WHAT TO PRODUCE →
Below are the records; give again exactly the lines from the one containing "使用[] (食物)進行美食攝" through the one containing "LYN | 庄家的老鼠仓是0.075左右,我查询了他过去链上记录,老鼠仓差不多有300多万刀现货,全部是用小额", leaving out pictures.

EXTRACTED MATERIAL →
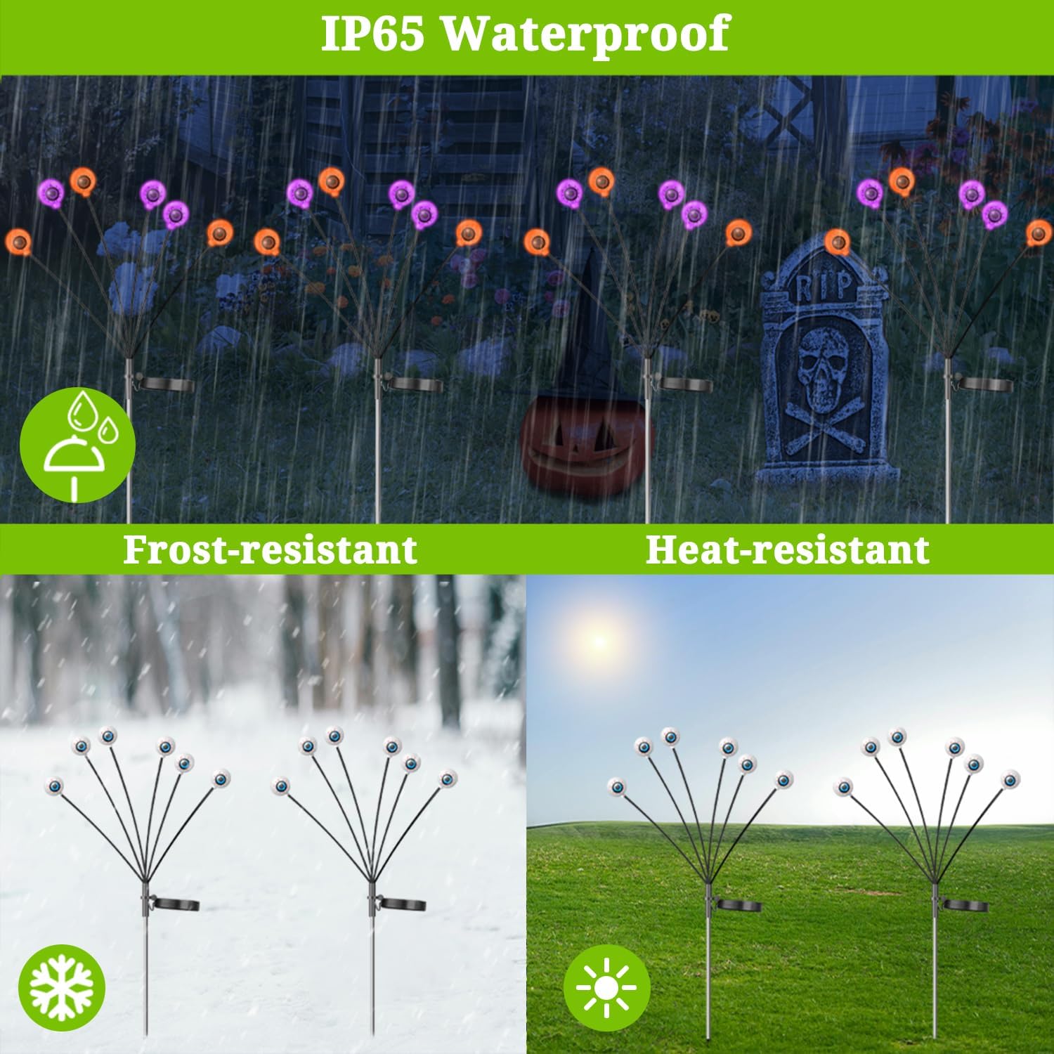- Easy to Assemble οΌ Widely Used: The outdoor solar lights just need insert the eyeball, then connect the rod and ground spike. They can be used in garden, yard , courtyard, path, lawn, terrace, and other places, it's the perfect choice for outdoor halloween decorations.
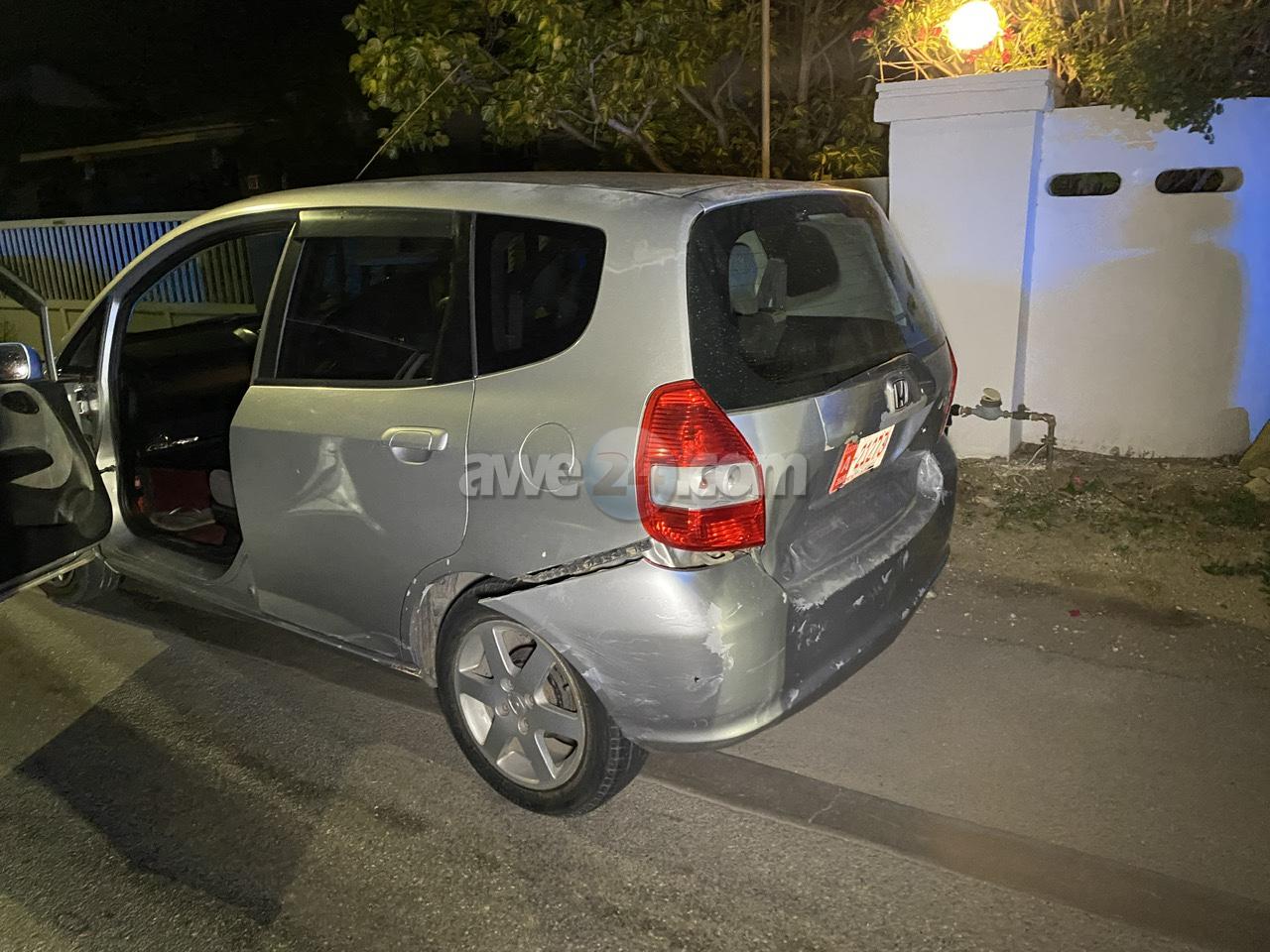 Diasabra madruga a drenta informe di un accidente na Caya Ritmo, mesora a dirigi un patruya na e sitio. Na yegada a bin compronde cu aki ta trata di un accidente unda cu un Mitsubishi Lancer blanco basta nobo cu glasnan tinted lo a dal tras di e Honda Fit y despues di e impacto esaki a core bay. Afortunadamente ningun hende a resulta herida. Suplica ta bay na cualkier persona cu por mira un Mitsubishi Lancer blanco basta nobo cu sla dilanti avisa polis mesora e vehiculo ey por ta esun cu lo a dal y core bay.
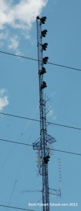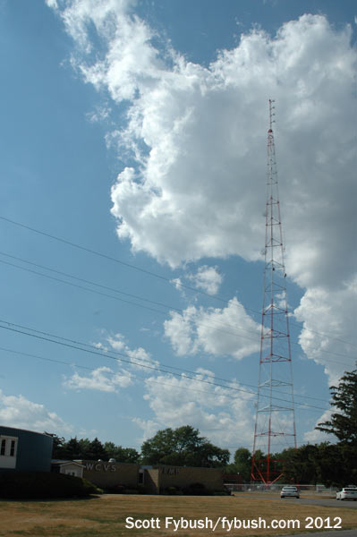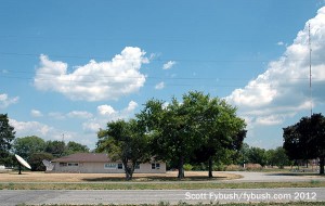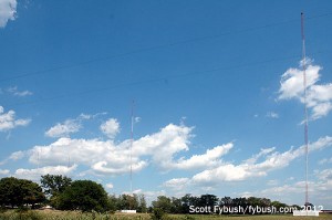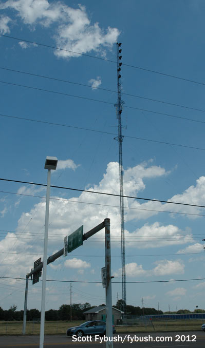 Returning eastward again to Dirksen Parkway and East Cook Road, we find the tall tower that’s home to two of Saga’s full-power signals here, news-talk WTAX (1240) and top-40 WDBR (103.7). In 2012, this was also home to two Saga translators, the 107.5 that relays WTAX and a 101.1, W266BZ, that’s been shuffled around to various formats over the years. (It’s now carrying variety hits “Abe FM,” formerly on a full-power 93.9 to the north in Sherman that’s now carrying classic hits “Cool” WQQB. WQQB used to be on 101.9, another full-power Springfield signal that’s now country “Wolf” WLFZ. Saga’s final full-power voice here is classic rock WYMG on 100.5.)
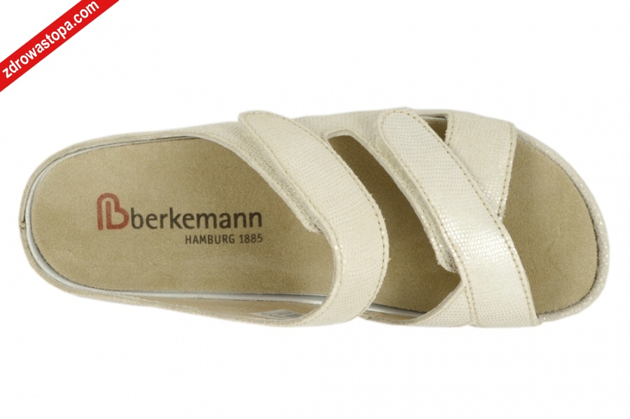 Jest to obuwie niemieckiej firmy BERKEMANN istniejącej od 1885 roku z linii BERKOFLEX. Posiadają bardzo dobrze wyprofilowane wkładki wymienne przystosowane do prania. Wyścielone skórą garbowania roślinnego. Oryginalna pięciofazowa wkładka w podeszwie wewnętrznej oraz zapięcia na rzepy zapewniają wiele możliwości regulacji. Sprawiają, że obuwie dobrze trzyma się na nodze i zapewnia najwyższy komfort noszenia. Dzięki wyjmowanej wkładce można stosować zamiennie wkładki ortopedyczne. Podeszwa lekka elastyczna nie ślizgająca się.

==

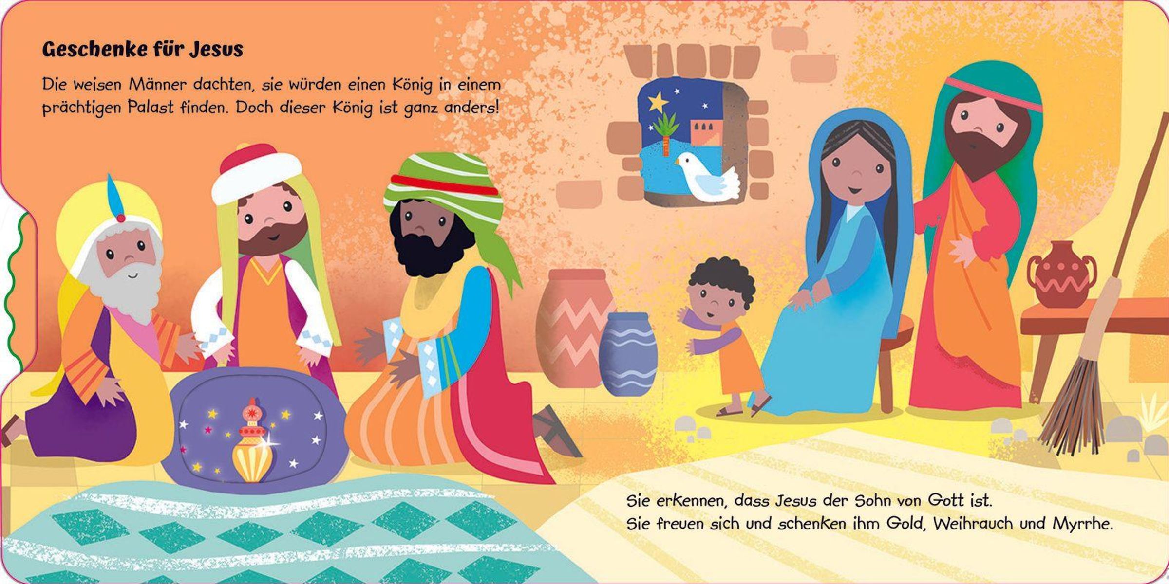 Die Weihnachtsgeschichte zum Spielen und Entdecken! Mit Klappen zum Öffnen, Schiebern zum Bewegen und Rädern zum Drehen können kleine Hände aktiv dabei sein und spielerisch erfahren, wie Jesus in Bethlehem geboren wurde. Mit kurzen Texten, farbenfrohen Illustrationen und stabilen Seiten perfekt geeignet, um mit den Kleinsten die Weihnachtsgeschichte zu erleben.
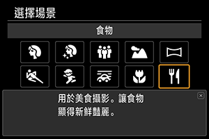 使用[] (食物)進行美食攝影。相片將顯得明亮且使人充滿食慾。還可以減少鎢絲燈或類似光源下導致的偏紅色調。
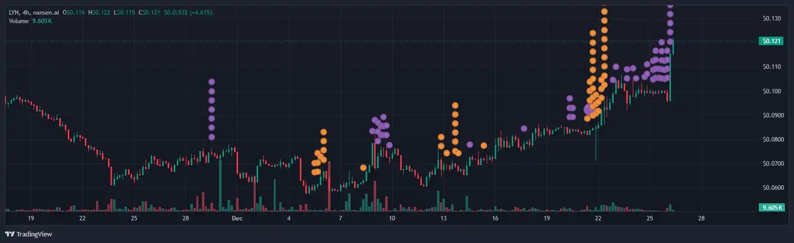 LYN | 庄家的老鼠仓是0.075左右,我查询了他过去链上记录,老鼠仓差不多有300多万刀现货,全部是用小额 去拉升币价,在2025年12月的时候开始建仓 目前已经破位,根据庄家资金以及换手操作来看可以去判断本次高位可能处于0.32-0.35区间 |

COMPLETED TASK →
 使用[] (食物)進行美食攝影。相片將顯得明亮且使人充滿食慾。還可以減少鎢絲燈或類似光源下導致的偏紅色調。
 LYN | 庄家的老鼠仓是0.075左右,我查询了他过去链上记录,老鼠仓差不多有300多万刀现货,全部是用小额 去拉升币价,在2025年12月的时候开始建仓 目前已经破位,根据庄家资金以及换手操作来看可以去判断本次高位可能处于0.32-0.35区间 |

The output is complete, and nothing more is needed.